In 2002 he joined the Pim Fortuyn List after contacting Fortuyn by fax to offer his services and helped with the search for party candidates. He managed to make his neighbor Herman Heinsbroek join, who would later become Minister of Economic Affairs, the function that Hoogendijk ambitioned for. Hoogendijk was elected in the 2002 Dutch general election to the House of Representatives. In parliament, he focused on defense and economic issues. He was an advisor to LPF member Harry Wijnschenk after he took over as leader. He was involved in the party squabbles that led to the eventual downfall of the party and argued LPF MP Winny de Jong should not serve in parliament due to the state of her mental health. He lost his seat in the 2003 elections and retired from political work after. He subsequently focused on buying art.

Hoogendijk also gave an evidence statement during the trial of Fortuyn's murderer Volkert van der Graaf and accused the judge presiding over the trial of being a left-wing activist with a bias against Fortuyn.

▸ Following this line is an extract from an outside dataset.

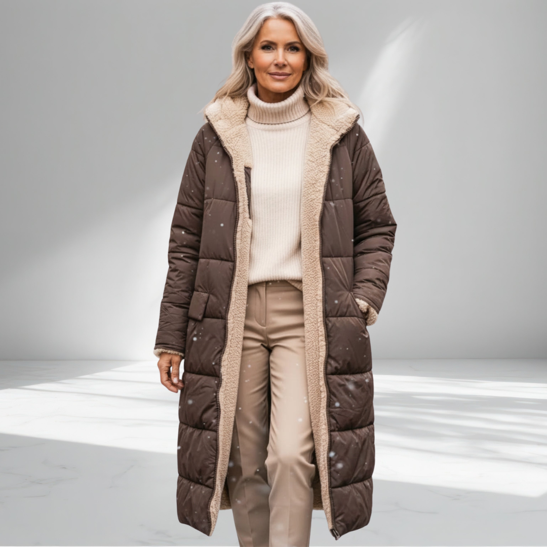 Tento zimní kabát je navržen pro ženy, které chtějí projít chladnými dny v klidu, teple a s přirozenou elegancí. Měkká vnitřní podšívka vytváří pocit útulného pohodlí, zatímco prošívaný vnější povrch pomáhá chránit před chladem a větrem.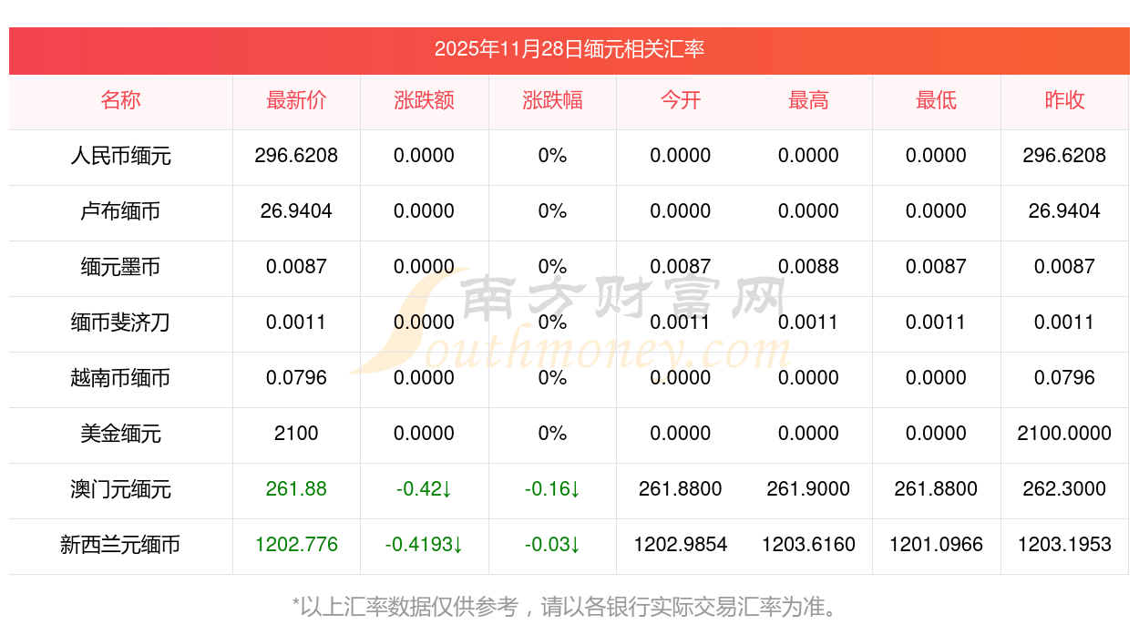 每日匯率查詢—緬元對新元匯率調(diào)整多少2025/11/28

Hoogendijk was known as right-wing most of his life. However, in a 2013 interview he said that capitalism had brought many good things but it had crossed a line.

==Personal life==
After his career as a journalist Hoogendijk was known as an art collector and trader. He founded and directed the arts magazine Art & Value after his retirement.

Hoogendijk was married twice, he had three daughters from his first marriage and one daughter from his second marriage. During his second marriage, over thirty years before his death, he was diagnosed with prostate cancer.

Hoogendijk was made Officer of the Order of Orange-Nassau.